I made the mistake of not completing my physical therapy. I was walking again, after having gone through the process of using a wheelchair, a walker, crutches, and a cane. I was mobile “enough”. Hell, I wasn’t going to run a marathon, so who cares, right? Well, I’ve since had to go back twice for more PT, and I still can’t run. Probably never will.

Life doesn’t care if you had other plans

A good friend and I were planning on renting a house. In fact, he had checked it out that Friday before the camping trip, and we were slated to sign the lease on Monday. Well, that didn’t happen, since it was unknown at the time how long I’d be laid up and what the long term effect was gonna be. So I didn’t move out, he instead moved in with his girlfriend, promptly got her pregnant and had a kid. Not the plan.
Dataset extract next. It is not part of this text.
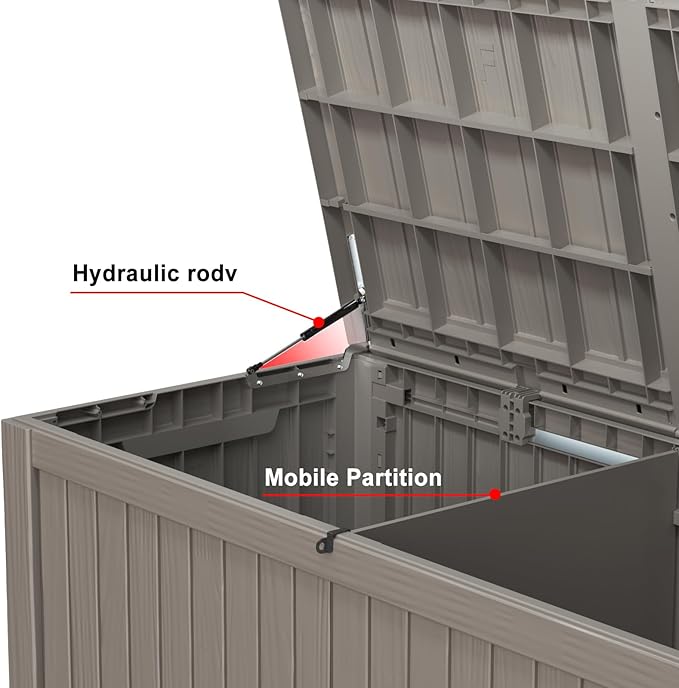 - Elegant Yet Durable: Crafted from aggregate resin with a wood grain finish, this storage box offers both aesthetic appeal and durability. It's engineered to resist water, UV rays, fading, rust, peeling, and warping, ensuring minimal maintenance for years.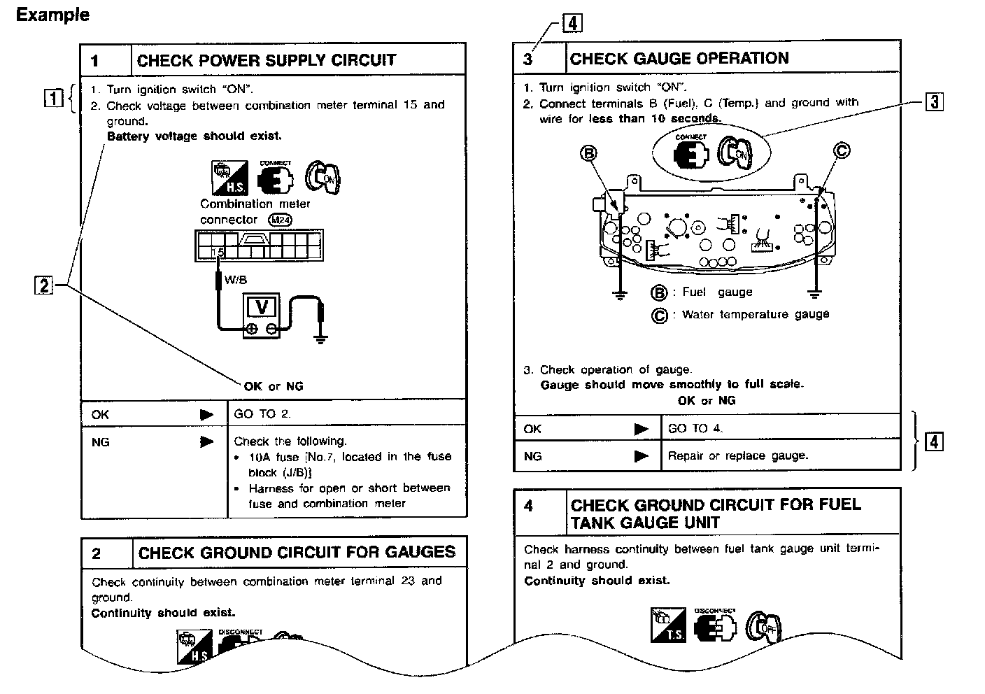 Symbols included in illustrations refer to measurements or procedures. Before diagnosing a problem, familiarize yourself with each symbol. Refer to "CONNECTOR SYMBOLS" and "key to Symbols Signifying Measurements or Procedures".

Events can have an effect long after they are over

Besides the whole running thing, I also thrashed my knee. And because I didn’t get back to 100%, I favored my other leg for years (still do to a point). So it messed up my other knee as well, and I developed arthritis. So now I have to take medicine for said arthritis.

I (and you) can overcome anything

I didn’t wanna end on a down note. But the reality is that I have a slightly gimped leg that will eventually have to be replaced. I had to learn to walk again, and live with the fact that I’ll never be able to do certain physical things. But that hasn’t in any way prevented me from changing careers at the age of 26, starting my own company, and becoming respected by my peers. Have others had it worse? Of course. I’m still a middle class white kid from the ‘burbs, I got a lot of opportunity in life. But going through that proved that nothing in life cannot be overcome, besides death.

So yeah, this was a long post. And there are some parts I left out. Funny stuff, like when a friend brought me bad porno mags to the hospital while my parents were there, or when the nurses took away my harmonica because I kept playing it while on morphine. And honestly, if you read through this entire thing, hat’s off to you.

3 Responses to “The Leg Story”

  1. Jess

    Damn. I’ve heard parts of this, but not the whole sheBANG. It made me dizzy reading the gory, painful details, and then dizzy in an existential sense. Good stuff.

  2. Sergio Felix

    Ugh man, you really had bad luck on that camp day.

    I’m not really sure it’s the greatest idea to work on a standing desk after your leg injury but if you are feeling better then that’s really cool man.

    PS. The harmonica bit had me rolling 😉

    • Norcross

      believe it or not the standing desk has been good for it. mainly getting some increased strength.